> EXERCISE DETAILS: All pictures must be dropped, while the entries are given again word for word.
─── DATA IN THIS EXERCISE
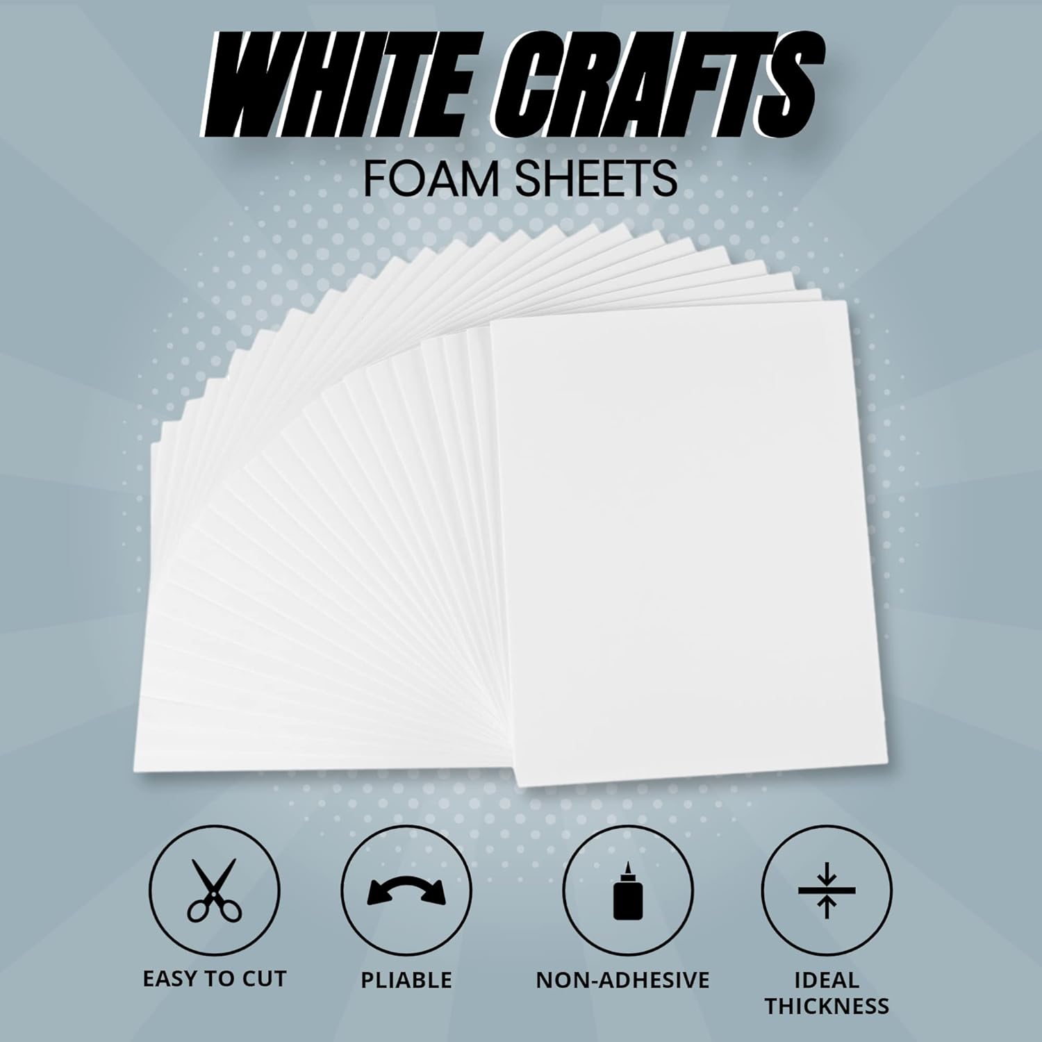 24 Ct Sheets White EVA Cosplay Foam in 9” x 12’’ Sheets; High Density Thick Foam 85 kg/m³, 2mm (1/12”); Great for Costumes, Props, Armor, Masks, Arts and Crafts Projects
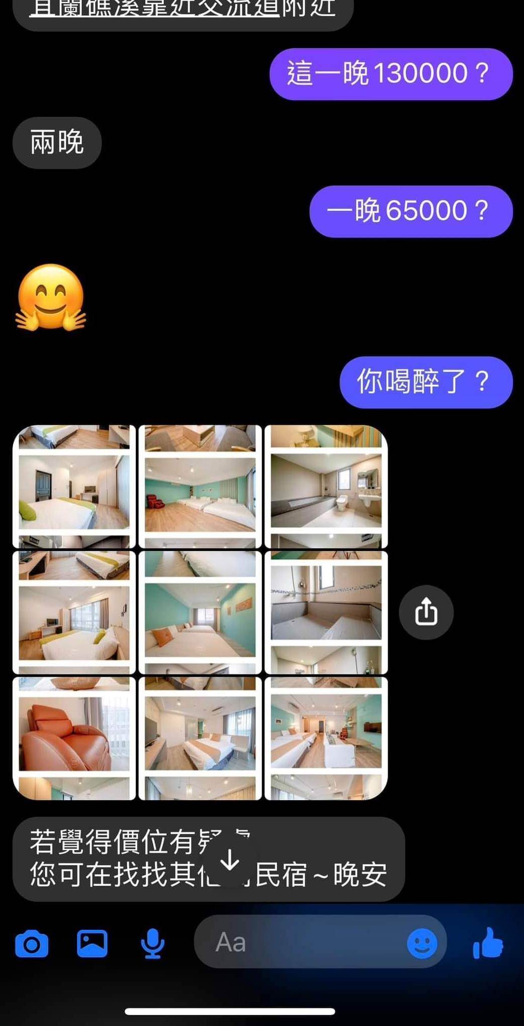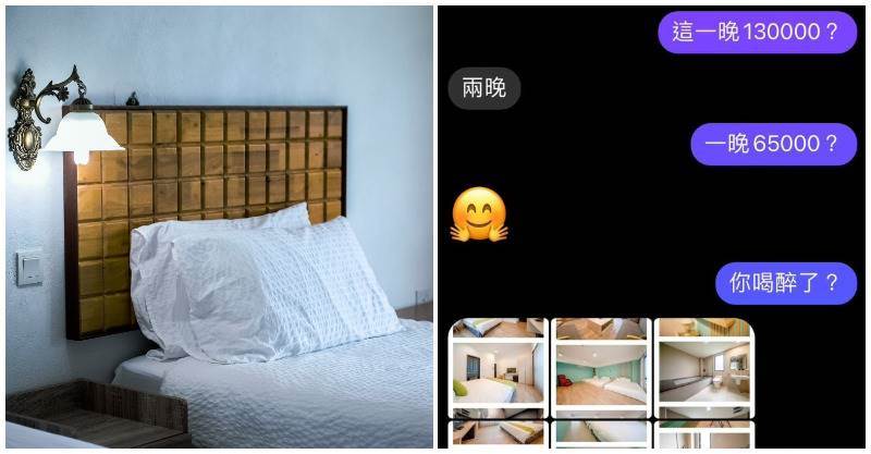 原PO貼出與民宿業者的對話,表示日前他上網要找跨年住的民宿,卻看到疑似有民宿業者趁機哄抬價錢,立馬私訊那間宜蘭礁溪包棟民宿說:「這一晚13萬元?」對方回說:「兩晚」,原PO再繼續回:「一晚6萬5?你喝醉了?」
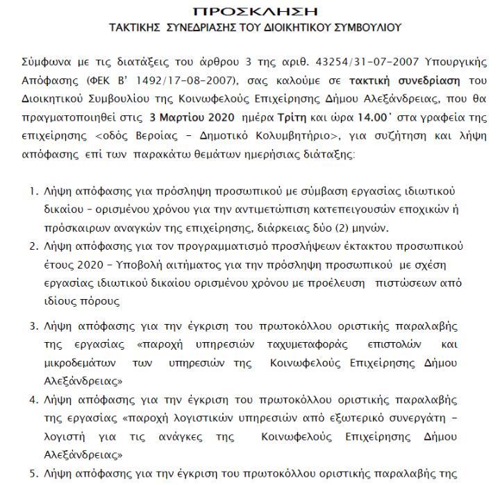 Σε προσλήψεις προσωπικού με σύμβαση εργασίας ιδιωτικού δικαίου – ορισμένου χρόνου θα προχωρήσει η Κοινωφελής Επιχείρηση του δήμου Αλεξάνδρειας.
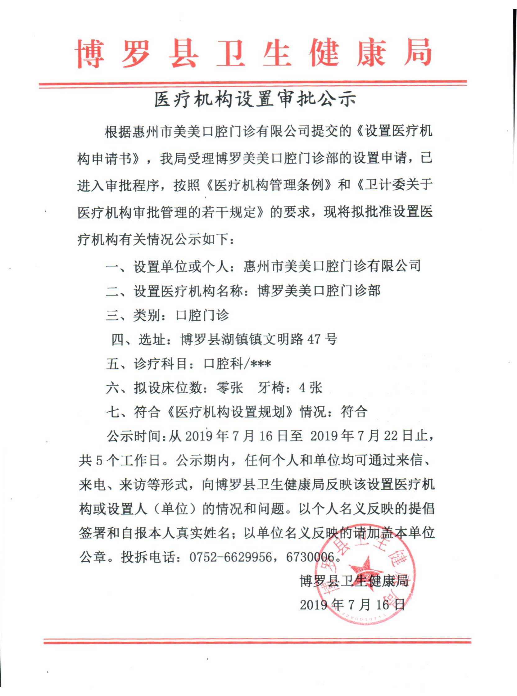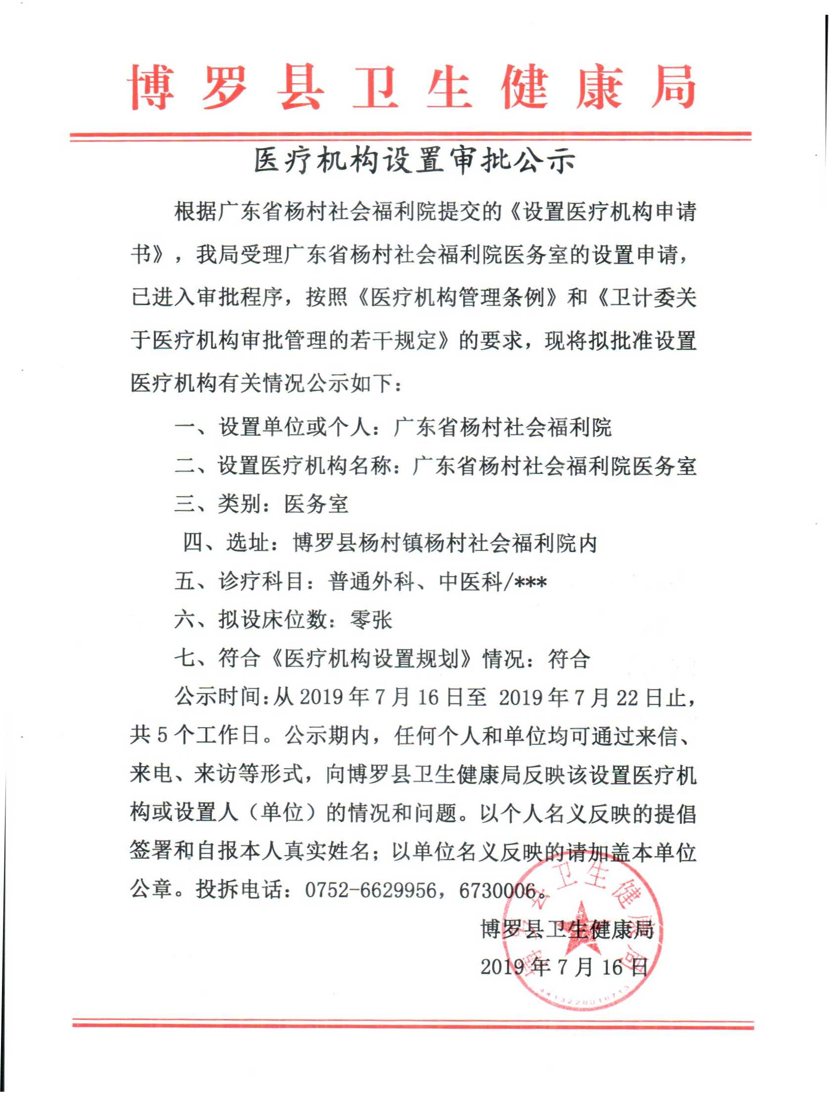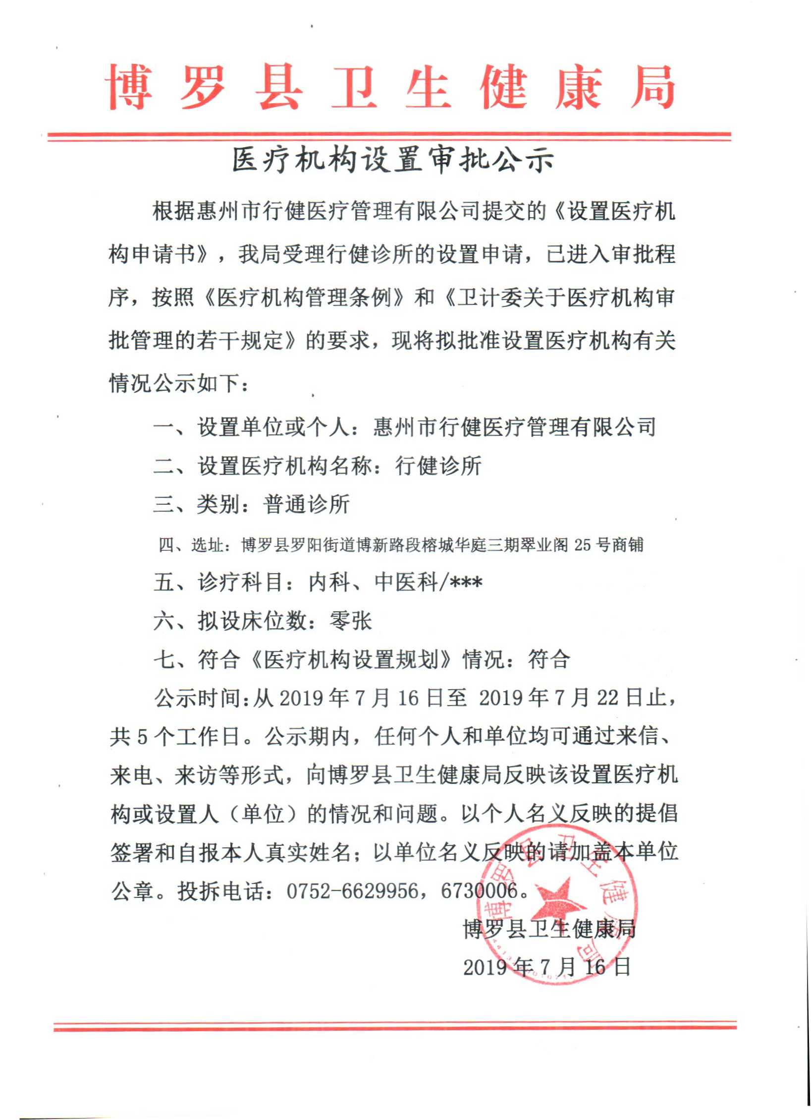博羅縣醫療機構設置審批公示(2019年7月16日)
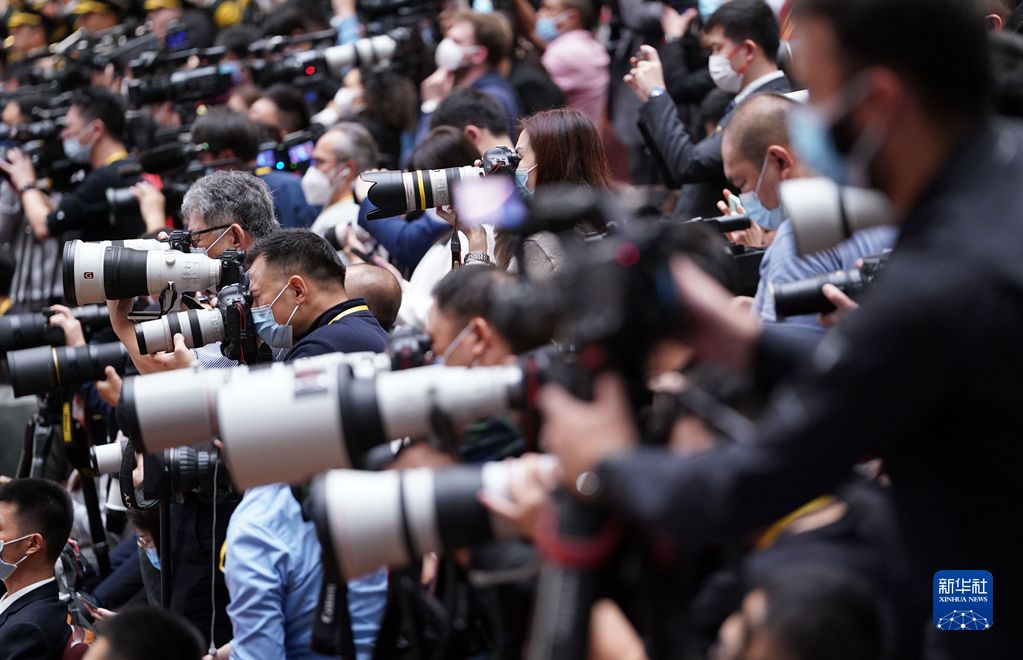 10月16日,中国共产党第二十次全国代表大会在北京人民大会堂隆重开幕。这是记者在采访。
──────
> RESULT OF THE EXERCISE:
 24 Ct Sheets White EVA Cosplay Foam in 9” x 12’’ Sheets; High Density Thick Foam 85 kg/m³, 2mm (1/12”); Great for Costumes, Props, Armor, Masks, Arts and Crafts Projects
 原PO貼出與民宿業者的對話,表示日前他上網要找跨年住的民宿,卻看到疑似有民宿業者趁機哄抬價錢,立馬私訊那間宜蘭礁溪包棟民宿說:「這一晚13萬元?」對方回說:「兩晚」,原PO再繼續回:「一晚6萬5?你喝醉了?」
 Σε προσλήψεις προσωπικού με σύμβαση εργασίας ιδιωτικού δικαίου – ορισμένου χρόνου θα προχωρήσει η Κοινωφελής Επιχείρηση του δήμου Αλεξάνδρειας.
博羅縣醫療機構設置審批公示(2019年7月16日)
 10月16日,中国共产党第二十次全国代表大会在北京人民大会堂隆重开幕。这是记者在采访。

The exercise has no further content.